So in answer to the question in the opening post, assuming that the person knew the Gospel and had been saved, what I would do first would be to make sure the person in question understood the correct biblical way to handle their situation/problem. If they did understand it and refused to accept the fact that they themselves brought this about by (probably unknowingly) not taking control of their thought life, refused to confess their sin, (admit to God that it is in fact a sin) and repent of it, (turn away from it and choose to take responsibility for their thoughts and emotions instead) then I would have to obey God's Word and not have anything more to do with them other then praying for them. I would tell them that I loved them and that I would be praying for them, but that until they chose to repent of their sin that I had to obey God's Word and not have anything more to do with them. I would also let them know that I was in fact showing my love for them by being obedient to God and telling them the Truth so that they too would hopefully some day come to really know Him and following Him and live a life of victory rather then one of defeat wallowing in their own sinful desires.
I'm not saying that it would be easy for me to do, because it wouldn't. It would be the hardest thing in the world to do, but I would do it for Christ.

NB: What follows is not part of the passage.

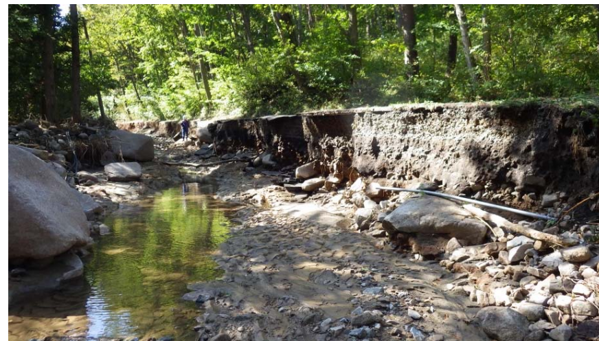
被災状況調査状況(10/16) (岩手県普代村 力持川付近 道路損傷)

God never promised that following His path would be easy. In fact He said it would be hard. He even told us that this kind of thing would happen and that families would be driven apart due to our following and obeying Him. On top of that, He told us this would be the cost of following Him and said this would be the cross that many of us would have to bear:
Matthew 10:34-39 “Do not suppose that I have come to bring peace to the earth. I did not come to bring peace, but a sword. For I have come to turn “ ‘a man against his father, a daughter against her mother, a daughter-in-law against her mother-in-law— a man’s enemies will be the members of his own household.’ “Anyone who loves his father or mother more than me is not worthy of me; anyone who loves his son or daughter more than me is not worthy of me; and anyone who does not take his cross and follow me is not worthy of me. Whoever finds his life will lose it, and whoever loses his life for my sake will find it.
Luke puts it this way:
Luke 14:25-27 Large crowds were traveling with Jesus, and turning to them he said: “If anyone comes to me and does not hate his father and mother, his wife and children, his brothers and sisters—yes, even his own life—he cannot be my disciple. And anyone who does not carry his cross and follow me cannot be my disciple.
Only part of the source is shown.